Soon, Pacha and Estanislao developed a daily routine in which Pacha attended to the cub’s needs while teaching him to fine-tune his non-visual senses and rely upon her cues to navigate the world.

“I had never worked with or accompanied a blind animal or blind person,” Pacha said. “I started by doing things to calm him down. It was mostly contact to guide him and small vocal sounds similar to those of his mother. … I tried to make myself feel like a cougar.”

Pacha would walk in little spaces and mark her steps without dragging her feet—just stepping firmly on the ground. Estanislao followed her and soon began to stop in front of obstacles such as uneven ground or steps. Pacha also made use of various audio such as jungle and nature sounds to help with the process. Additionally, she used incense sticks to stimulate the cougar’s sense of smell and to mark a safe area.

The first time Estanislao responded positively to Pacha’s voice, he stopped in his tracks and walked backward, orienting toward her. He approached her feet, sniffed, and began to follow her.

Pacha said: “I felt a maternal relationship.”

Pacha began experimenting with different sounds, including purring when Estanislao was calm, to encourage the cub to relate sounds to moods. While storms and new noises still frighten him, Estanislao is no longer the cowering cub of the past—he can be territorial at meal times and will call for help when required.

“When I am physically close, he begins to groom himself suddenly and exaggeratedly. He grooms me; it seems like a recognition and a great approval of my presence,” Pacha said. “In the afternoon he likes to play. … His favorite activity is playing with a boxing bag that is hung high, where he can swing his paws on two legs and run in a circle.”

For Estanislao’s first three years at the reserve, Pacha’s partner assisted with his care. When Pacha’s partner left, the cub was very subdued.

“That was proof of how much [they had created] a bond,” Pacha said. “It gave me greater confidence that the way I accompanied him was good for him, that he was on the right track. Creating a bond is for him a security, a belonging, and for me an opportunity to correctly read what he needs.”
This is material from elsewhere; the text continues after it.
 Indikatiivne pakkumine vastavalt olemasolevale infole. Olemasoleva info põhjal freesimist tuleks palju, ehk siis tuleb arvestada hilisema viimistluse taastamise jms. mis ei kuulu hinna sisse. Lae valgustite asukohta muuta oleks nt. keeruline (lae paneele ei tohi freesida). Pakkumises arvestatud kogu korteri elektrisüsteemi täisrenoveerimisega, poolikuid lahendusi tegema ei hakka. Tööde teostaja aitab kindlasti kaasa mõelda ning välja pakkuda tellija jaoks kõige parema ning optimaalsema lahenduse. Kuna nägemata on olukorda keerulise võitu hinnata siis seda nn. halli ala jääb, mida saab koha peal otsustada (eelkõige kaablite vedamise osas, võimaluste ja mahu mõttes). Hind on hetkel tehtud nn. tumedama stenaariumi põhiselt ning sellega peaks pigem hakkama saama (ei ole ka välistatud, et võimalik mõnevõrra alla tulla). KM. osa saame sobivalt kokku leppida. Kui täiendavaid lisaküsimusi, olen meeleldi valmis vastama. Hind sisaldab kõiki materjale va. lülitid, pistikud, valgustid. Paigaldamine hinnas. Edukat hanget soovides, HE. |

Today, Estanislao is five years old and still very dependent on physical closeness. His care team has diversified as there are times when Pacha has to travel for work, although she can stay connected to the cougar from afar via cameras and speakers linked to her cell phone which enable her to talk and listen to him.

“[C]urrently there are two people who can take care of him in my place,” Pacha said. “They have a little more distance, but they are incorporated by him. With them, he has a bond and trust.”
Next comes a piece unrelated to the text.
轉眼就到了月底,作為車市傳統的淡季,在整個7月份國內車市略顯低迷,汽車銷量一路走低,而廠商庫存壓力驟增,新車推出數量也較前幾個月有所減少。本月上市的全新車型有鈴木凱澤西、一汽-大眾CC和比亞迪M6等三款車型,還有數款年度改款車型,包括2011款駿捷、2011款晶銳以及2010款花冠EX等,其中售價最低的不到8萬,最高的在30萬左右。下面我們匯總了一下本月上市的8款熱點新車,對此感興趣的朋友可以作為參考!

While it’s not safe for Estanislao to interact with other adult cougars at the reserve, he has become an incredible foster father to orphaned cubs with whom he will snuggle and take long naps.

Estanislao’s best friend is Pacha’s dog, Majo, and the unlikely pair bonds by sniffing, licking, and cuddling like siblings. Majo doesn’t relax and is always alert, whereas Estanislao is very relaxed and sometimes runs away if Majo’s games become too boisterous.
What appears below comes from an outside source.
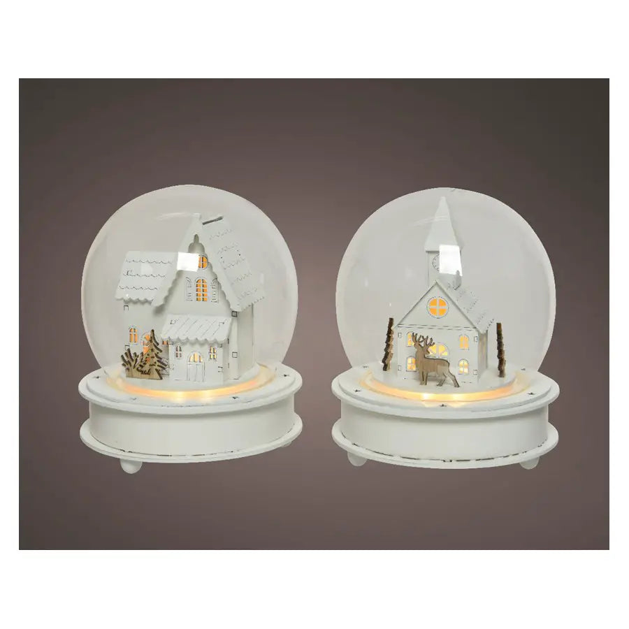 Natale Led Cloche Glass Cloche With House/ Church Rotating With Rotating Effect Bo Indoor 2ass Warm White

Pumakawa Reserve, formerly known as El Edén Flora y Fauna, was “transformed” after the Argentinian forest fires of 2009 Pacha said. Today, the reserve is focused on environmental conservation and community outreach, as well as native wildlife and forest restoration, to help solve manmade environmental issues.

Its emblem is the puma.

As president, Pacha leads the team and is involved in everything from animal rescue and rehabilitation to campaigning to working at the nursery, on-site orchard, and seed bank.

Estanislao is a unique case since keeping wild animals as pets is illegal and “not recommended for the wellbeing of the individual, the person, and the ecosystem.”

Pacha has seen two major gratifying outcomes in the cougar’s healing journey. “First, to see him well; that he has overcome everything, and that now he even seems to look at us,” she said. “Second, that he gives an important message in which he enhances the majesty of his species. His existence itself represents that animals are our teachers.”